TASK REQUIREMENTS: Take from the entries below the stretch from the line with "Hex #580ec1 Color" through the line with "7. Możesz wybrać", and return it exactly, leaving the pictures out.

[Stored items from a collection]
>>>

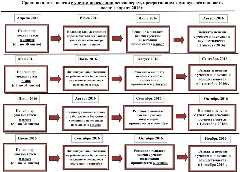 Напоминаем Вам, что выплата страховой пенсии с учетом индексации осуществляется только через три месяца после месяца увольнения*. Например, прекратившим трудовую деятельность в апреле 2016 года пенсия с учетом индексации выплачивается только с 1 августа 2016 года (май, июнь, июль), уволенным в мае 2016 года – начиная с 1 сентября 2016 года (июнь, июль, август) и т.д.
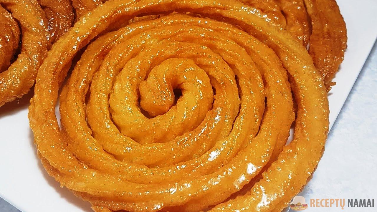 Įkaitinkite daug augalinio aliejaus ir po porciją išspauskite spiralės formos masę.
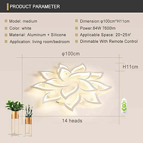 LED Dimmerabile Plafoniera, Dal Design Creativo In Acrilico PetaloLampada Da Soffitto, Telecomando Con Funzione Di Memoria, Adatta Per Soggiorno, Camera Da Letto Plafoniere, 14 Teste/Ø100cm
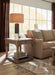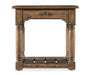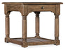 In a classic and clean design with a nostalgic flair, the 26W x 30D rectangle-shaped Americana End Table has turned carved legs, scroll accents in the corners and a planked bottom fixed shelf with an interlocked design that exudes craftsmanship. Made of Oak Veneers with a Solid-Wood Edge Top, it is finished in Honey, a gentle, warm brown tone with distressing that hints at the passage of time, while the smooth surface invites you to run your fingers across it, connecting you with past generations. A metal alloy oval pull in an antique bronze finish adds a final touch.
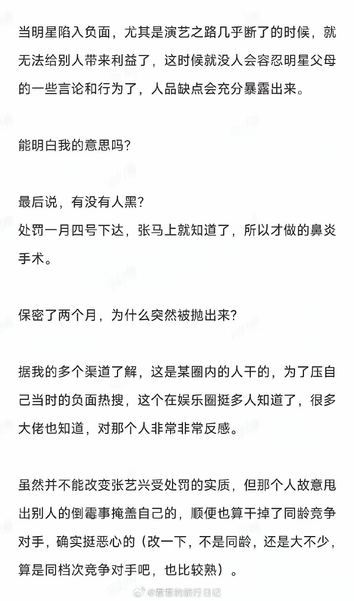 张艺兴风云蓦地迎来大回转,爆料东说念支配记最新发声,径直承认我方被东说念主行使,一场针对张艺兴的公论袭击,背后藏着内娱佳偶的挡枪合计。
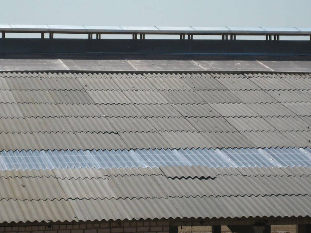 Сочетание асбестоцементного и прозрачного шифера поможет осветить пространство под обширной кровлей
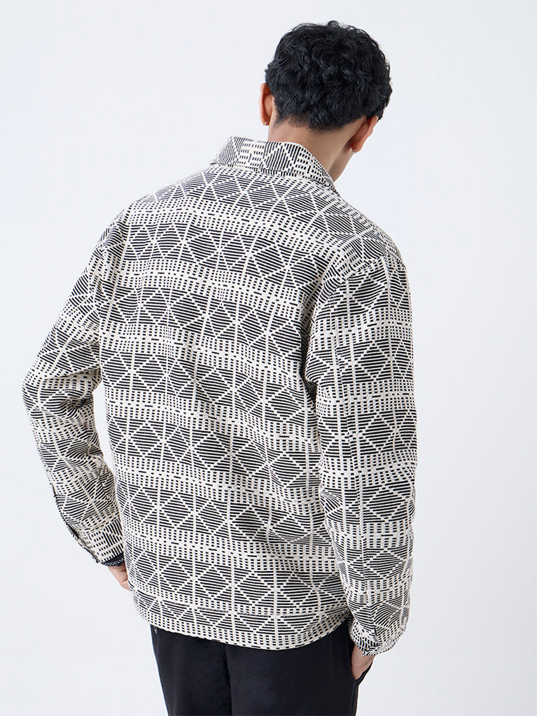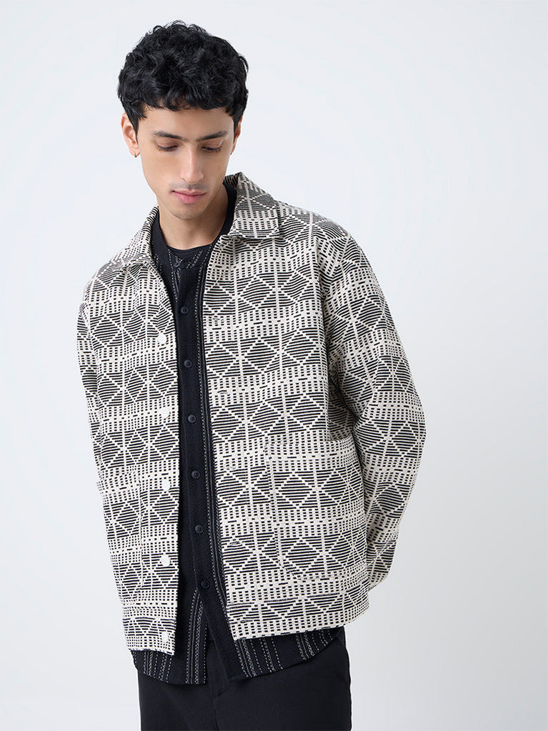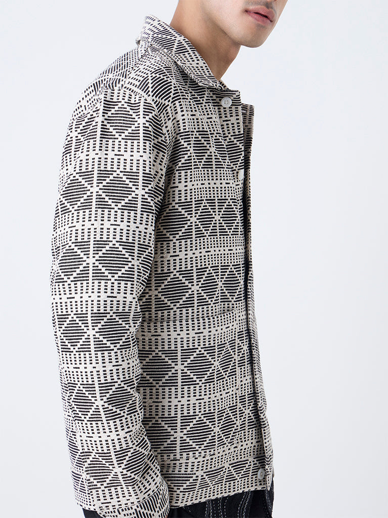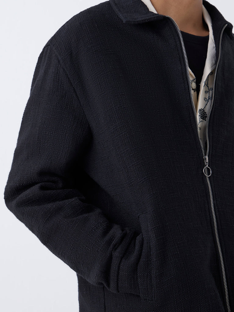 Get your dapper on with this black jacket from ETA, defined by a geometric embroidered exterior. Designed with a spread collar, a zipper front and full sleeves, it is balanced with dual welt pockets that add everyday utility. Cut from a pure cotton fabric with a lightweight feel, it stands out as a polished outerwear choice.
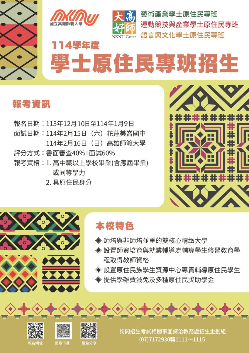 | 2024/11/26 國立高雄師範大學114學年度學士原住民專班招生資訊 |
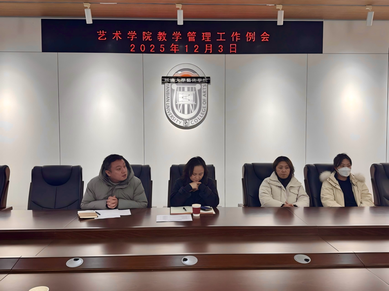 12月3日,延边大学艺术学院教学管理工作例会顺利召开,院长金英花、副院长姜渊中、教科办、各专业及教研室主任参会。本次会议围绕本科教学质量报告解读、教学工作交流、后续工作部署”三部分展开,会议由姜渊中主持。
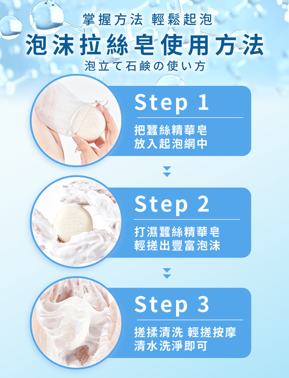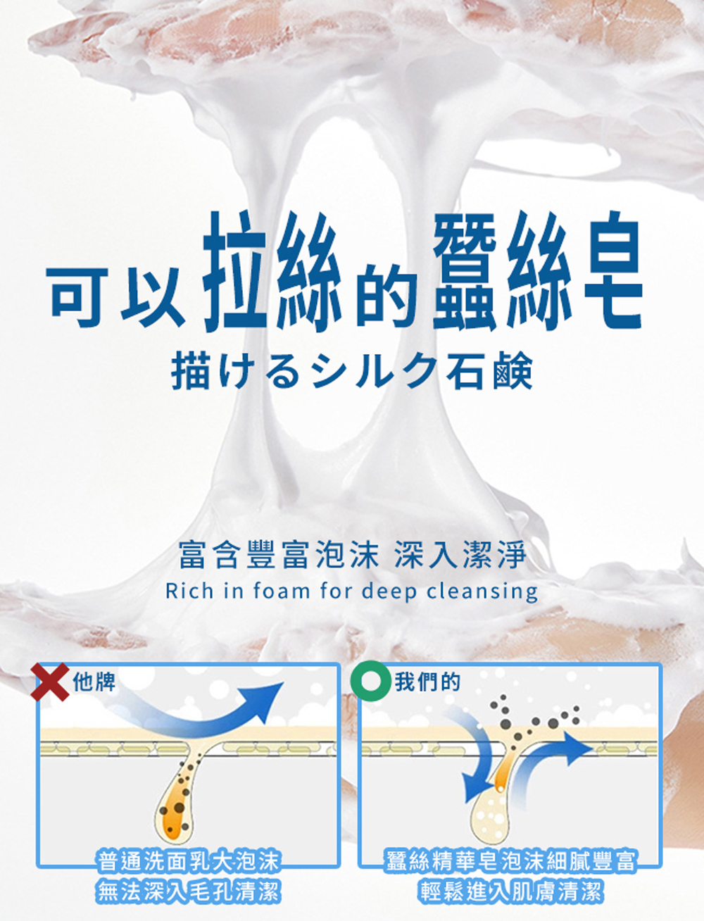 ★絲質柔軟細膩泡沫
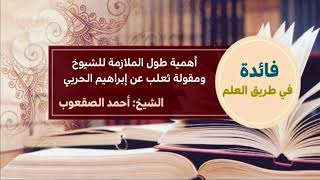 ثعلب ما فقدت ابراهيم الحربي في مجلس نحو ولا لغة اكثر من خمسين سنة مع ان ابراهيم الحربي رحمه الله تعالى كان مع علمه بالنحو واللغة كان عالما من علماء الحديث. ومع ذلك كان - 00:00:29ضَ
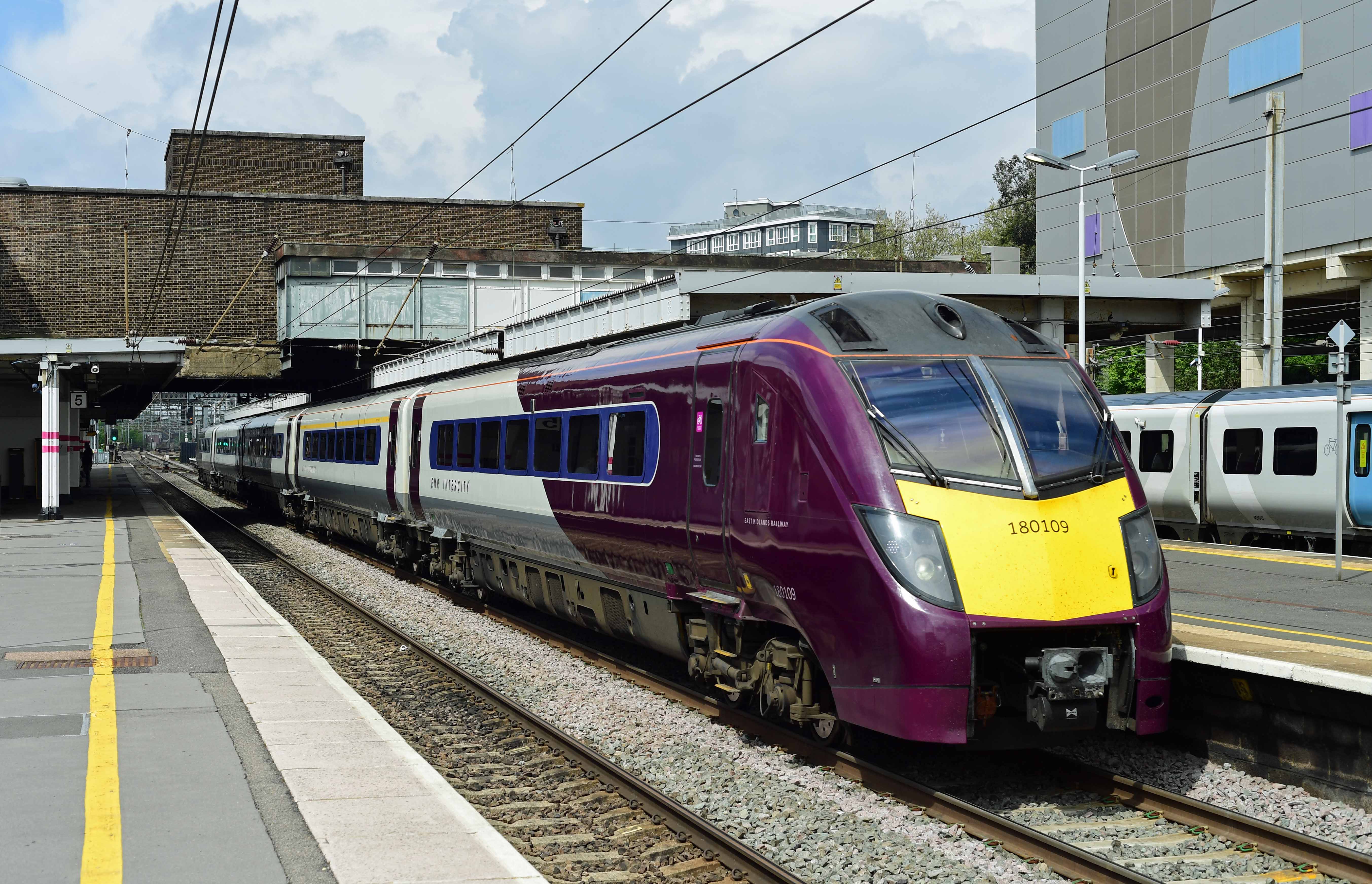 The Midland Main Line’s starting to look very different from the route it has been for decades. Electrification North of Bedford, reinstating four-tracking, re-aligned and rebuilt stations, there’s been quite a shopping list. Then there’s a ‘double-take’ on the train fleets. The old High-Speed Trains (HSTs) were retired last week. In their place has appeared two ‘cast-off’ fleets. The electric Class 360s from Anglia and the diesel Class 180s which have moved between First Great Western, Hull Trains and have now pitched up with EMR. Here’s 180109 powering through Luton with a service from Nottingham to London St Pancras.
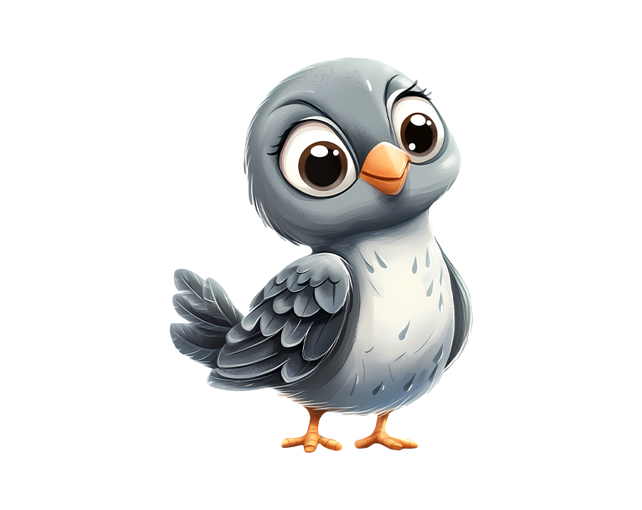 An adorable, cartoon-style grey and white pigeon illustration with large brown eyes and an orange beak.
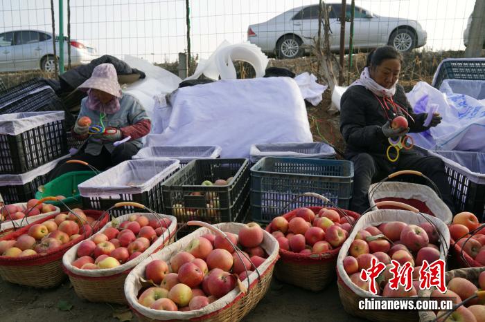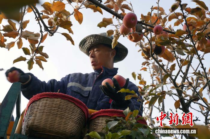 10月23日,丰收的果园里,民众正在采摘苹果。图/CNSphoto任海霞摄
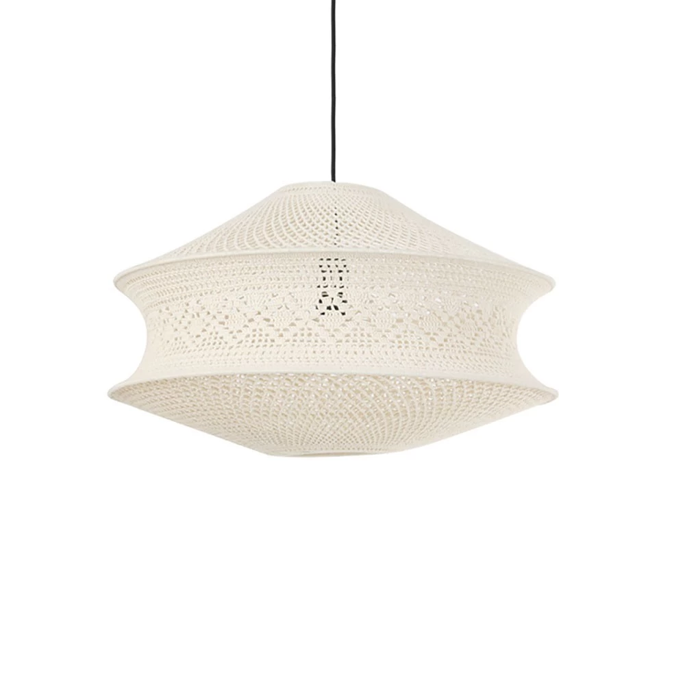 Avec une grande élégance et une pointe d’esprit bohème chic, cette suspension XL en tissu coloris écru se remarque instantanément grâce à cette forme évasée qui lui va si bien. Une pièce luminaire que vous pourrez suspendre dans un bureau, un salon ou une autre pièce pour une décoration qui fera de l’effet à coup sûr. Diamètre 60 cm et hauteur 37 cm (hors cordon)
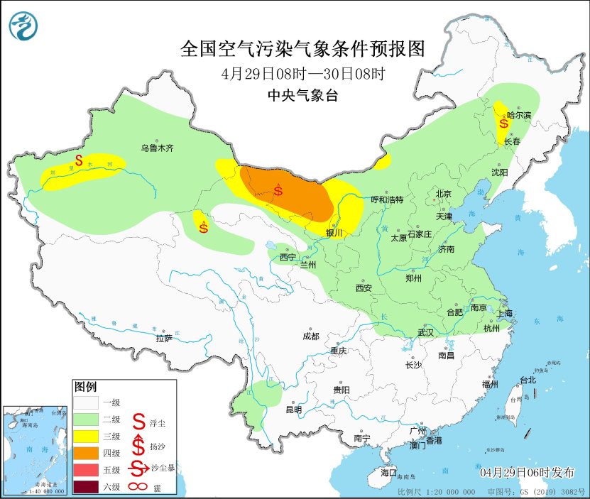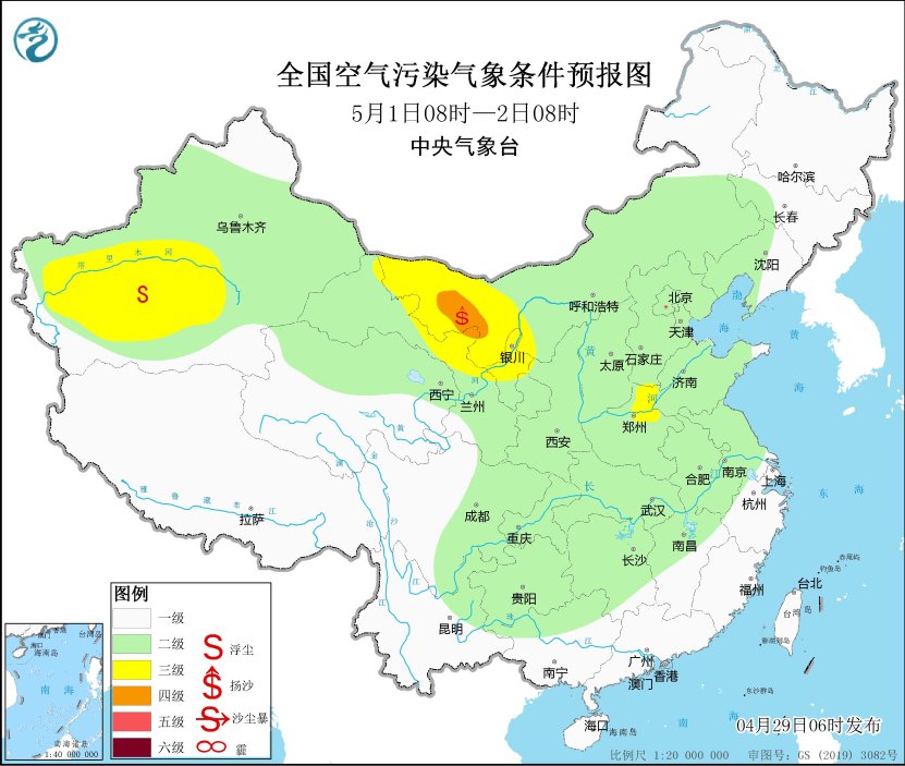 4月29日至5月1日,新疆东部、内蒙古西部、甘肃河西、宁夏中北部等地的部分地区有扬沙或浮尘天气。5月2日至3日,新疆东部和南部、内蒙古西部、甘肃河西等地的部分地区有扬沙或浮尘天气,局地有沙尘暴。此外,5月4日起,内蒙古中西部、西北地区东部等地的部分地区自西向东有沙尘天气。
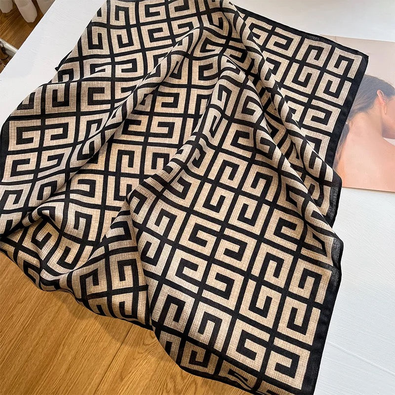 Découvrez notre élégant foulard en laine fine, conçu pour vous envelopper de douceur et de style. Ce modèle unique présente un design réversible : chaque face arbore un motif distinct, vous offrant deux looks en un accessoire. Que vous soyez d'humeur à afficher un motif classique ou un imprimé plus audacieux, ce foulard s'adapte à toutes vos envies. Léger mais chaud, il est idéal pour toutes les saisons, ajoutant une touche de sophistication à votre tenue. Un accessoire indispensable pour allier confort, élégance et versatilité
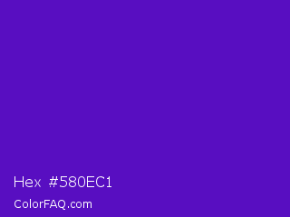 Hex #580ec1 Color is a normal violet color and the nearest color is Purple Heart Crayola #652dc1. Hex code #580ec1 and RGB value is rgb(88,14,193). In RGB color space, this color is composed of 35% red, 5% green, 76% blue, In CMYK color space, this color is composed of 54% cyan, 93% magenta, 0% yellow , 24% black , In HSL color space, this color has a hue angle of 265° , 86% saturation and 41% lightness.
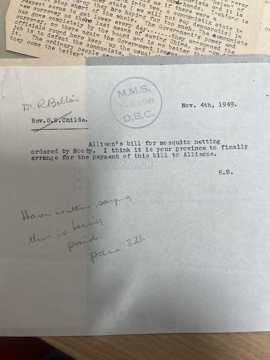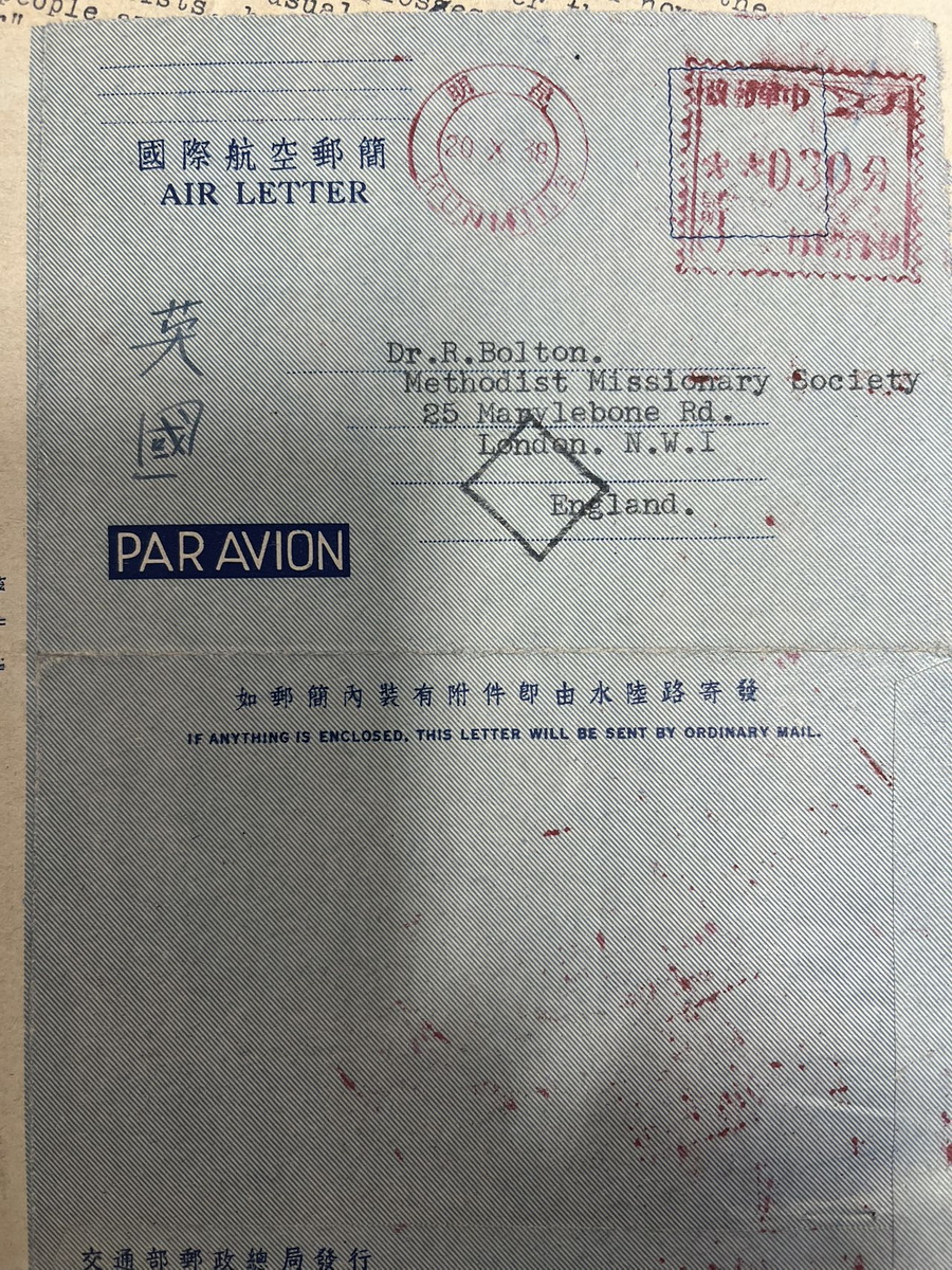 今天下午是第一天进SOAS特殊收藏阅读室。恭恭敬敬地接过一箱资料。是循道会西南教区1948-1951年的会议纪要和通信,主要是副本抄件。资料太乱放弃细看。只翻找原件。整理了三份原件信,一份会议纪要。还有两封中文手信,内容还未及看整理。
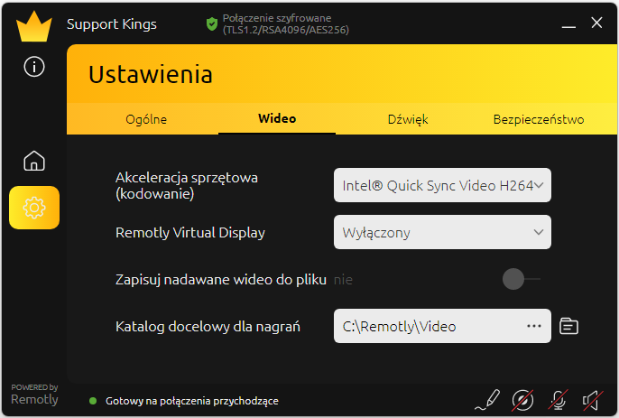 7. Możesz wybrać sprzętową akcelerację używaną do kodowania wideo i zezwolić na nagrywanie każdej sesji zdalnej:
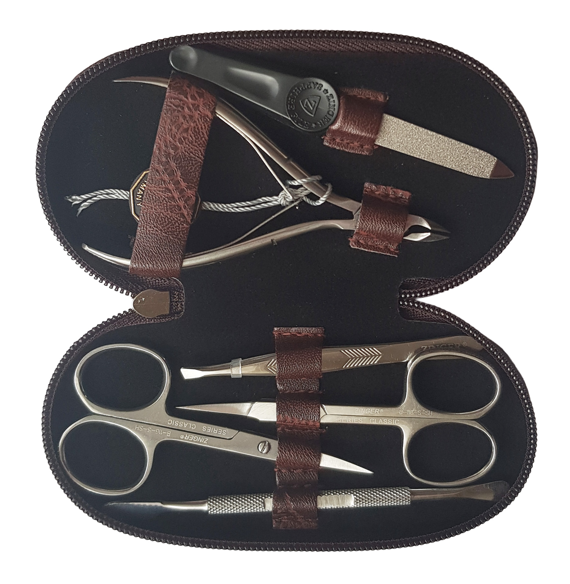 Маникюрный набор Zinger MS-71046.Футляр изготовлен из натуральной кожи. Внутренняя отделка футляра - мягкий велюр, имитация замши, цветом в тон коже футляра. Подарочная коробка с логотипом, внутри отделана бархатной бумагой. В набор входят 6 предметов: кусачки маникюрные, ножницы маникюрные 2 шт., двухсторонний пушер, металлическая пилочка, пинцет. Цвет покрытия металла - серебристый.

<<<

WRITTEN REPLY:
 Hex #580ec1 Color is a normal violet color and the nearest color is Purple Heart Crayola #652dc1. Hex code #580ec1 and RGB value is rgb(88,14,193). In RGB color space, this color is composed of 35% red, 5% green, 76% blue, In CMYK color space, this color is composed of 54% cyan, 93% magenta, 0% yellow , 24% black , In HSL color space, this color has a hue angle of 265° , 86% saturation and 41% lightness.
 今天下午是第一天进SOAS特殊收藏阅读室。恭恭敬敬地接过一箱资料。是循道会西南教区1948-1951年的会议纪要和通信,主要是副本抄件。资料太乱放弃细看。只翻找原件。整理了三份原件信,一份会议纪要。还有两封中文手信,内容还未及看整理。
 7. Możesz wybrać sprzętową akcelerację używaną do kodowania wideo i zezwolić na nagrywanie każdej sesji zdalnej:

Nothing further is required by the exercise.